When you have a kernel built on a sound basis, you cannot hack it. If you ever wrote a production operating system, you would understand. With virtual memory on main frames you have "keys" for each user and that prevents them from accessing other users or the nucleus (kernel). While you may POSSIBLY be able to attack the application in a particular user's memory, you won't be able to attack another user's nor the kernel. A good kernel will not provide any back doors to other components, unlike Windows gives access to its other products .

todd_dsm
todd_dsm

It's funny what people will leave out of a story; The first viruses were written as academic works in 1966 (predating Unix) by, John von Neumann "Theory of self-reproducing automata": http://cba.mit.edu/events/03.11.ASE/docs/VonNeumann.pdf Which can only mean that you're repeating some bit of rhetoric you overheard.

walks.in2.trees
walks.in2.trees

scammers and hackers love this over-confident mentality. it's what they all have wet-dreams about

ricardoc
ricardoc

I totally agree with you. The protection offered by the need to enter sudo to gain admin rights is no protection if the user keeps typing it every time it is requested (or the password via GUI) without understanding what's happening.
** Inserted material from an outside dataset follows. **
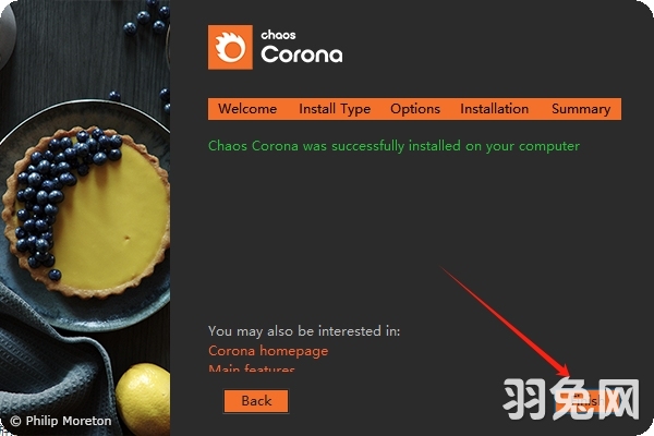 9、Corona成功安装到你的电脑上,点击【Finish】

As I teach in my training to users: the IT department with their AV, UTM and firewalls won't do much for you if you keep inviting the bad guys in. Users are the guardians of their system, period. You need to learn to use a computer safely and keep updating your skills. The problem with computers today is that most users and specially business users have their priorities for attention and learning on the job they are supposed to complete; many see the PC and all its issues as a burden they don't want to go through. They just wan to "use" the computer without getting a "master degree" in its use. This is the most common complain among my company's users: "I don't want to be a computer expert; I wan to do my job".